15 Yea, they were encircled about with everlasting darkness and destruction; but behold, he has brought them into his everlastinglight, yea, into everlasting salvation; and they are encircled about with the matchless bounty of his love
Whether we are referring to "chains of hell" brought on through our own choices or trials that are thrusted upon us, we can be brought to sing redeeming love.
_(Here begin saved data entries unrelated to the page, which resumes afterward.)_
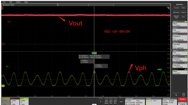使用TPS5430做了12V转5V的电路设计,目前EN高电平时,芯片可以正常输出5V电压。EN低电平时,却关闭不了。
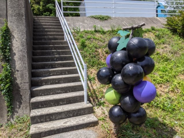 フルーツバス停は5種類ですが、バス停《小深井》のトマトの後ろにブドウを見つけてしまいました。浮き玉を組み合わせてできているのですが、しっかりとヘタと葉が付けられています。
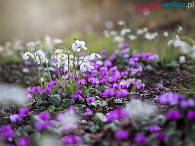 Puzzle Przebiśniegi, Polana, Kwiaty, Fiołki

Last time I posted, I discussed our options for surgery for our son. We found out after some detailed scans that our child's lesion is likely between S3-S5 (the lowest bones of the sacrum), giving him the best possible prognosis (likely no paralysis, but still with the possible need for a shunt and likely bladder issues). Because of this prognosis, we are not qualified for fetal surgery. Instead, baby will have surgery within a few hours of birth and will be in the NICU for a week or so (possibly more if doctors decide he needs a shunt). I said in the first post that I would be grateful for whatever option is given to us, and I am striving to be okay with having this out of my control. The greatest blessing I see from this is that Derek and I get to be together throughout our pregnancy, he will definitely be there for the birth, and that we have several months now to choose the doctors we feel will care best for our baby. There is a lot of scary stuff still to come, so we definitely appreciate your continued prayers.
In one blessing I received after hearing the diagnosis, one of the promises I was given was that Derek and I would grow even closer and more in love through this trial. This has been just the most joyous part of all of this! We appreciate each other more, make more time to help each other, we laugh together more, we have become more patient with one another, and when the feelings come and I wake up in the middle of the night to cry a little when I think no one is awake to notice, Derek always is there to quietly stroke my hair till I can fall asleep again. When I found out the diagnosis, I felt as though I would never be happy ever again. How wrong I was! The greatest happiness has come since that moment. I love being with Derek more than words can express, and I am so excited to bring our child home to his loving family. The best is yet to come, come what may and love it!